内容説明
「しんではいけない。しんではいけない」はげしいいたみに気が遠くなるなか、母ぐまは二ひきの子ぐまを思い、のうみそのおくの方でさけびました。いのちのきけんととなりあわせの野に生きる、くまの母子のあいをえがいたお話です。
著者等紹介
椋鳩十[ムクハトジュウ]
1905年長野県生まれ。法政大学卒業。
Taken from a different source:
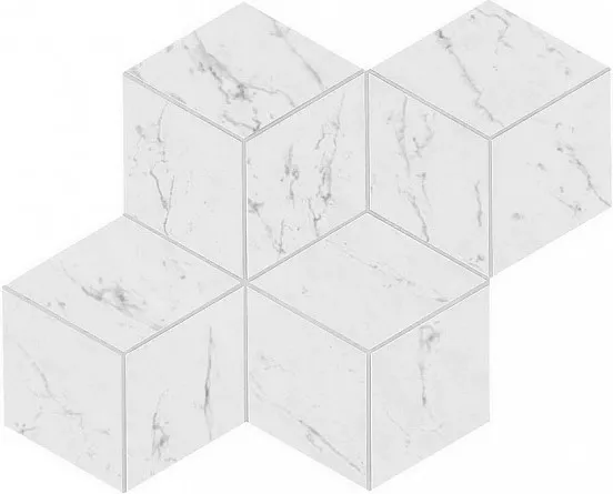 Итальянский, лаппатированный керамогранит AS2J Marvel Carrara Pure Mosaico Esagono Lapp 30x35в форме кирпича,

受賞歴に『片耳の大鹿』で文部大臣奨励賞『孤島の野犬』でサンケイ児童出版文化賞・国際アンデルセン賞(国内賞)『マヤの一生』『モモちゃんとあかね』で赤い鳥文学賞・児童福祉文化奨励賞、“母と子の20分間読書運動”でモービル児童文化賞など。1987年没
村上康成[ムラカミヤスナリ]
1955年岐阜県生まれ。創作絵本の他、多方面で活躍する自然派アーティスト。『ピンクとスノーじいさん』『ようこそ森へ』『プレゼント』でボローニャ国際児童図書展グラフィック賞『ピンク!パール!』でブラチスラヴァ世界絵本原画ビエンナーレ金牌『なつのいけ』で日本絵本大賞を受賞など(本データはこの書籍が刊行された当時に掲載されていたものです)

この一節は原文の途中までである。